Patients’ characteristics

From July 2018 to September 2021, 52 patients fulfilled the criteria of this retrospective study and were included in the analysis; of them, 38 were administered rifaximin for gut decontamination. Among all patients, the median number of days to starting CBP infusion was day 0 (range, –7 to 7). A total of 57 routinely monitored MPA C0 measurements were collected before CBP treatment. In addition, 76 samples for MPA C0 were obtained at a median of day 7 (range, 1–19) after CBP initiation. For each patient, the mean MPA C0 from multiple measurements was calculated for each time period separately and used for the analysis.

The patients’ characteristics are summarized in Table 2. The median age and weight were 34.5 (range, 9–56) years and 61.50 (range, 36.60–97.36) kg, respectively. Most of the patients underwent HSCT for the treatment of hematologic malignancies, with the exception of 4 patients who had aplastic anemia, 1 patient who had Fanconi anemia and 1 patient who had paroxysmal nocturnal hemoglobinuria. Transplants were from a family HLA-haploidentical donor for 51 patients and a 10/10 HLA-matched unrelated donor for 1 patient. During the course of therapy, serum creatinine did not increase abnormally in any of the 52 patients, and the overall median Cr-R was 0.49 (range, 0.30–0.85). Aminotransferase levels more than 1.5-fold of the upper limit of normal only occurred in 5 patients. The median ALT-R and AST-R were 0.34 (range, 0.07–3.01) and 0.31 (range, 0.13–1.52), respectively.

Table 2

Patients characteristics (N=52)

Characteristic N %
Sex
   Male 32 61.54
   Female 20 38.46
Age, years
   ≤18 10 19.23
   19–29 10 19.23
   30–39 10 19.23
   40–49 12 23.08
   50–59 10 19.23
Weight, kg
   ≤70 38 73.08
   >70 14 26.92
Disease
   ALL 16 30.77
   AML 16 30.77
   MDS 9 17.31
   AA 4 7.69
   Other 7 13.46
Carbapenem antibiotic
   Meropenem 46 88.46
   Imipenem 6 11.54

ALL, acute lymphoblastic leukemia; AML, acute myelogenous leukemia; MDS, myelodysplastic syndrome; AA, aplastic anemia.

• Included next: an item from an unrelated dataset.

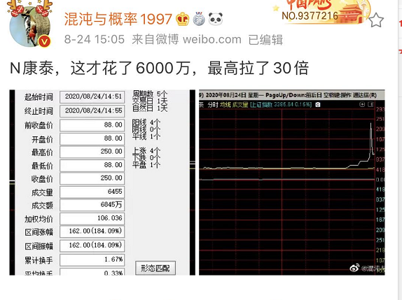 随后,该公司股价在2分钟的时间里恢复正常,涨幅再次回落至1100%左右,整个过程仅有5分钟。

MPA C0 before and during CBP use

Figure 1 shows the effect of concomitant administration of CBP on the MPA C0. There were wide inter- and intra-individual variations of the MPA C0 after IV administration in these Chinese HSCT patients.

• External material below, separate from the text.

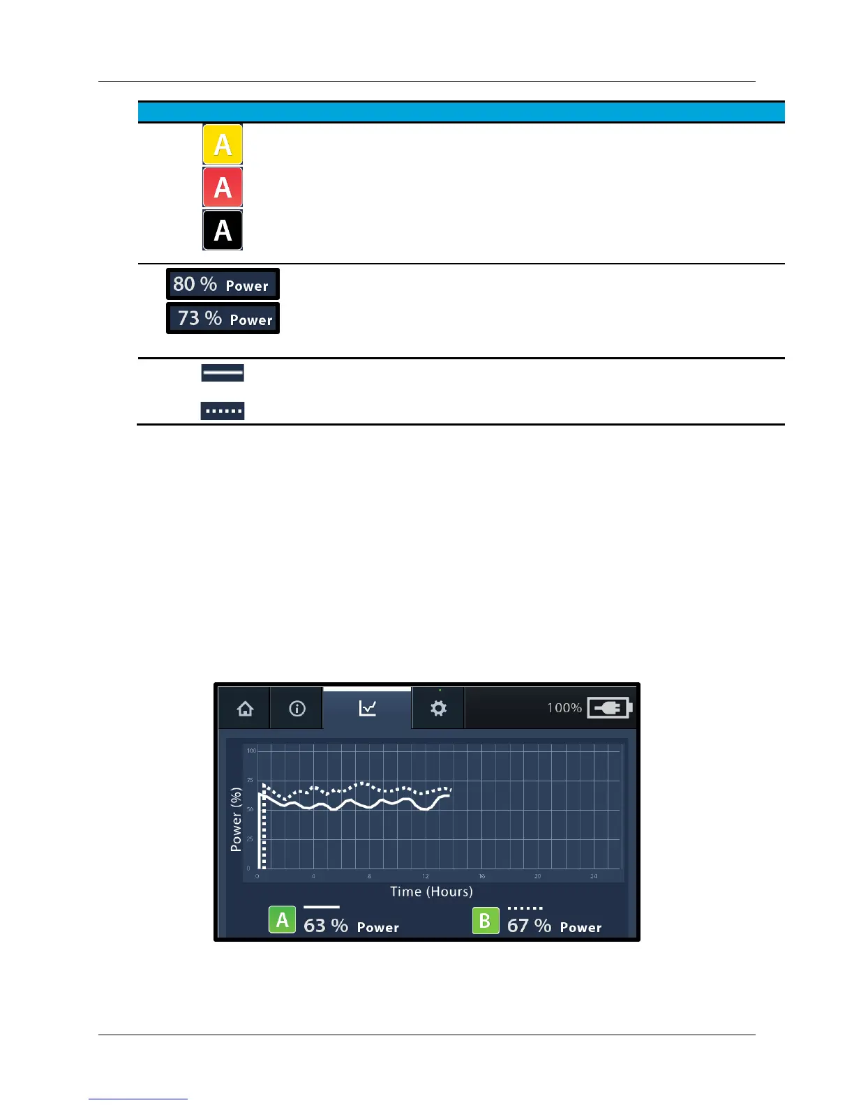 The power graph screen (Figure 37) shows an example of what is displayed for two

Figure 1 MPA C0 before and during CBP use: (A) intra-individual comparison of MPA C0 with and without CBP; (B) change in MPA C0 over time during CBP use. MPA, mycophenolic acid; MMF, mycophenolate mofetil; CBP, carbapenem antibiotics; C0, pre-dose concentration.

Intra-individual comparison of the MPA C0 revealed an obvious decrease in the MPA C0 after co-administration with CBP when compared with MMF alone (Figure 1A). In the whole study cohort, the average MPA C0 before CBP use was 0.65±0.33 µg/mL, and during the course of CBP therapy it was 0.43±0.30 µg/mL, which represented a decrease of 16.06%±78.54% (Table 3). Compared with the pre-CBP period, 69.23% (36 of 52) patients had a reduction in their MPA C0 during CBP use. MPA C0 <1 µg/mL was found in 80.70% patients before CBP use and in 98.68% patients during CBP use. The two-tailed paired t test indicated that the MPA C0 changed significantly as a result of CBP treatment (P<0.05; Table 3).

Table 3

Mycophenolic acid concentrations before and during CBP use

Group Concentration (± s.d.) μg/mL P value Concentration change, %
Before CBP use During CBP use
Gut decontamination group (N=38) 0.64 (0.35) 0.46 (0.33)* 0.034 6.60 (87.84)
Non-gut decontamination group (N=14) 0.69 (0.30) 0.35 (0.22)* 0.003 41.73 (35.60)
Total (N=52) 0.65 (0.33) 0.43 (0.30) * 0.001 16.06 (78.54)

*, P value, <0.05 by two-tailed paired t test, compared with MPA C0 before the use of CBP. CBP, carbapenem antibiotics; s.d., standard deviation; MPA, mycophenolic acid; C0, pre-dose concentration.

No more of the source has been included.